Kurt Vonnegut, uno dei più importanti scrittori americani contemporanei, è morto la notte di mercoledì a New York all'età di 84 anni in seguito al trauma cranico riportato con una brutta caduta alcune settimane fa. Autore di 14 romanzi, numerose commedie teatrali, saggi e racconti, è stato un idolo di una generazione, quella degli studenti transitati nei campus universitari negli anni sessanta e settanta.

Il suo universo letterario era popolato da Tralfamadoriani e Mercuriani, da fenomeni come la "infundibula crono-sinclastica", il punto dell'universo in cui si ricompongono tutte le verità, e religioni, come la Chiesa del dio dell'estrema indifferenza e il Boconismo. È del 1969 il suo romanzo più famoso, «Mattatoio N.5» in cui l'autore trasfigura la sua esperienza a Dresda, prigioniero di guerra, sotto i bombardamenti alleati nel 1945.

I suoi libri sono spesso una curiosa miscela di realismo, fantascienza e psicoanalisi, come testimoniano «Le sirene di Titano» (1959), «Ghiaccio nove» (1963), «La colazione dei campioni» (1973), «Un pezzo da galera» (1979) e «Hocus Pocus» (1990). Con «Mattatoio n.5», Vonnegut seppe trasformare il suo peggior incubo in uno dei suoi maggiori successi letterari. Il romanzo, portato sul grande schermo nel 1972 dal regista George Roy Hill, con l'interpretazione di Michael Sacks e Ron Leibman, narra la storia di un giovane americano che, per sfuggire dai terribili ricordi della guerra (la prigionia in Germania, il bombardamento di Dresda) e per allontanarsi dai traumi provocati da una famiglia borghese, si rifugia nella fantasia immaginando di vivere sul pianeta Trafalmadore.

Di origini tedesche (il nonno emigrò negli Usa nel 1848), Kurt Vonnegut nacque l'11 novembre 1922 a Indianapolis (Indiana), città in cui sono ambientate molte delle sue storie. Dal 1941 al 1943 frequentò la facoltà di biochimica alla Cornell University di Ithaca (New York) lasciandola nel 1943 per prendere parte volontariamente all'esercito alleato (nel ruolo di fante esploratore) durante la seconda guerra mondiale.

Nel 1944 venne fatto prigioniero in Germania, nella città di Dresda. Qui assistette in prima persona al terribile bombardamento alleato che, nel febbraio del 1945, rase al suolo la città e causò 135mila vittime civili (Vonnegut si salvò poiché rinchiuso in una grotta ricavata sotto il mattatoio della città normalmente utilizzata per l'immagazzinamento della carne). Questo episodio traumatizzante, anni dopo, verrà ripercorso appunto in chiave solo parzialmente fantascientifica nel suo romanzo più famoso.

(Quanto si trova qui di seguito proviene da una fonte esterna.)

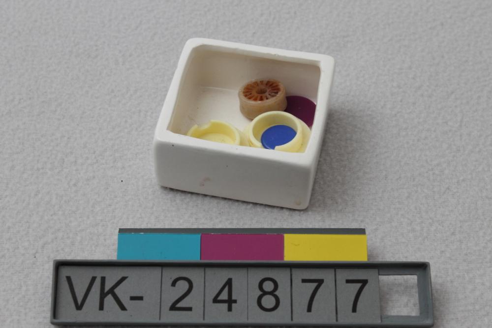 Schüssel mit Kleinteilen. Die Schüssel ist aus weißer Keramik, quadratisch, und enthält zwei Verschlusstopfen, zwei Spielchips und einen Strahlregler von einem Wasserhahn. Das Objekt befindet sich in der Schatulle mit der Inventarnummer VK-24881.

Dopo la guerra, Vonnegut sposò l'ex compagna universitaria Jane Marie Cox, e successivamente si trasferì a Chicago, nel ghetto nero. A Chicago riprese gli studi iscrivendosi alla facoltà di antropologia. Nel frattempo, iniziò a lavorare come cronista di cronaca nera presso il «City News Bureau of Chicago» (1947). Dopo il rifiuto da parte del collegio docente della sua tesi (questo episodio è raccontato in un capitolo di «Divina idiozia»), si trasferì a Schenectady, trovando impiego come pubblicitario presso la General Electric Company (1947-1950), dove poi curò le pubbliche relazioni.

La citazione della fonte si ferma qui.